4 responses | Add Yours

## Responses

In order to compare different projects how to included in a single parameter, an improved NPV, investment efficiency considerations? What is the difference between NCF and Net income?

I have an entire series planned in this matter. Clearly though, the NPV ratio is the “best” of the investment efficiency parameters if you are going to use only one.

I will also discuss net income and other accounting measures. These are completely different than net cash flow. You can think of NCF as the corporate checkbook….the actual cash being spent and received. Net income is an accounting measure that uses a series of rules to allocate expenses and revenues to certain time periods that are often very different than when actually received or spent. A simple example of this is the purchase of equipment (say a pumping unit)…the net cash flow would record the cost based on when the unit was purchased. For net income purposes, the unit would be depreciated over a certain number of year according to an appropriate scheme (straight-line, declining balance, etc). Thus the costs would be “matched” with the revenues the pump would help generate.

For petroleum economic evaluation purposes it is almost always the case that we should use the actual cash flows for decision making.

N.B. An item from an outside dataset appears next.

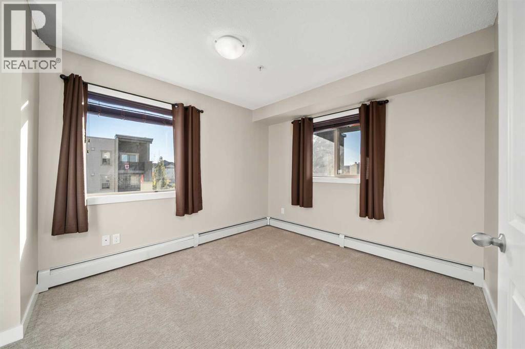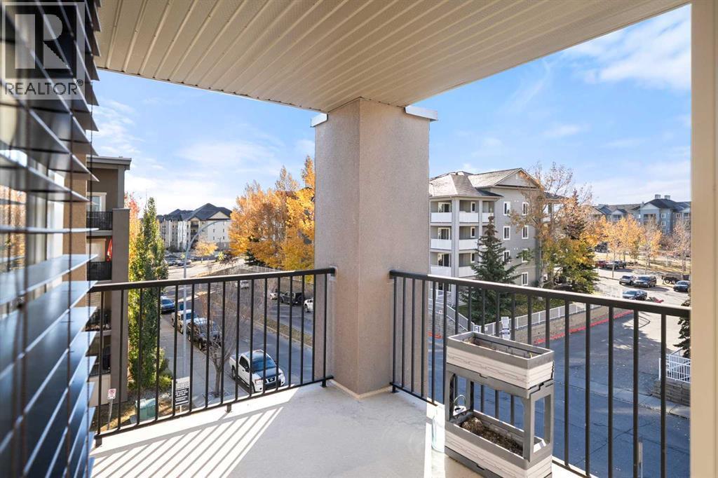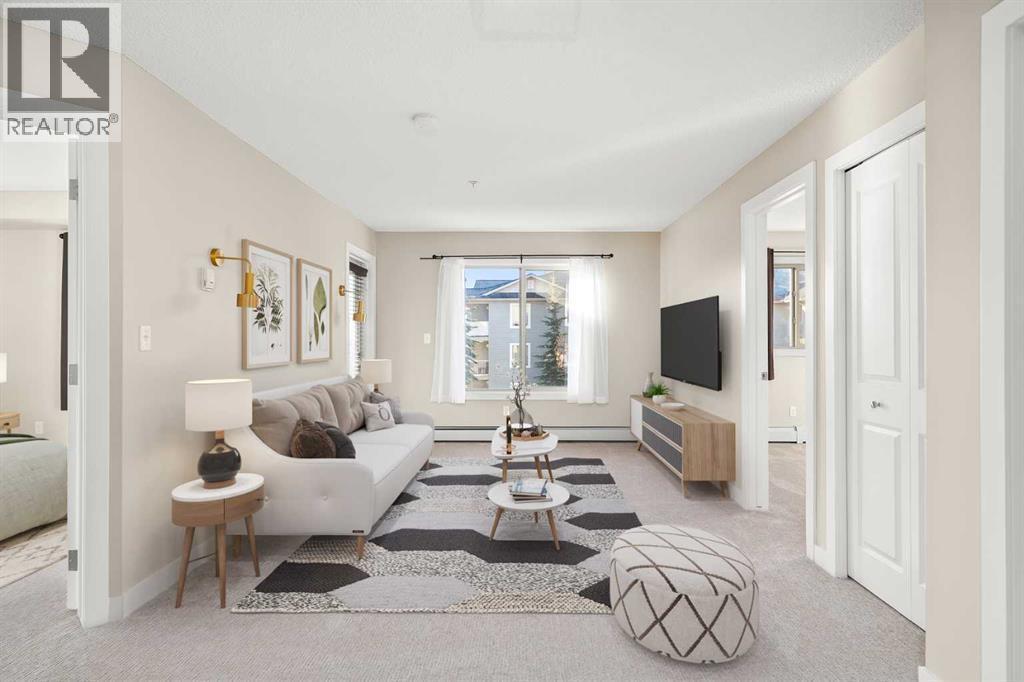 Attention first-time home buyers, down-sizers and investors! This 761 sq ft, 2 BEDROOM, 2 BATH, CORNER UNIT CONDO is AFFORDABLE AND MOVE-IN READY with FRESH PAINT AND BRAND NEW CARPET. Upon entering, you are greeted by an open-concept design. To the right, is a flex space that could be used as a dining area, an office or for your favorite hobby. A front closet, a 4 piece bathroom and in-suite laundry complete this corner of the condo. To the left, the kitchen offers modern cabinetry, granite counter tops, trendy black/stainless steel appliances and a sit-up eating area and is open to the bright living room. On one side of the living room is the main bedroom featuring a walk-through closet and a 4pc ensuite. The second, good-sized bedroom is located on the opposite side of the living room. The living room is bright and welcoming. Step out the living room door onto your covered balcony which is a great place to barbeque, relax or entertain. The complex is PET FRIENDLY, allowing one dog or cat. This condo is complete with one underground, heated, titled parking spot and visitor parking is available outside the main doors. Creekside Crossing condo building is conveniently located in the center of Airdrie and is close to shopping, Nose Creek walking trails, Iron Horse Park and all that downtown Airdrie has to offer. Easy access to highway QE2. Call your favorite realtor today to view. (id:6769

Again, I have quite a few remaining blog entries scheduled in this area. Thanks for your interest.

Thanks for answering Mr. Meehan, this is a good opportunity to get first-hand experience on this subject, your blog offers a deeper insight which improves our understanding on this area. Thanks again!

Excellent blog. It’s interesting that certain types of investors (equity or debt) have differing return requirements. Debt (banks) are interested in coverage ratios to meet principal and interest expenses… usually lower discount rate. Equity (private equity, i-banks, etc.) have much higher return requirements. Likewise, some investors are interested in free cash flow and others in earnings (with ultimate goal to flip the assets). Hence, whether or not you use an AFIT or BFIT discount rate is extemely important. An after-tax cash flow model must include not just the step-up in basis, but also the DD&A allowances. The equipment is depreciated using a 7-yr MACRs and the reserves are depleted using a UOP method. It’s not as simple as “1 – tax rate”. I run into this issue frequently when performing valuations.

Once again, terrific blog. I like the way you have simplified the process into the critical issues.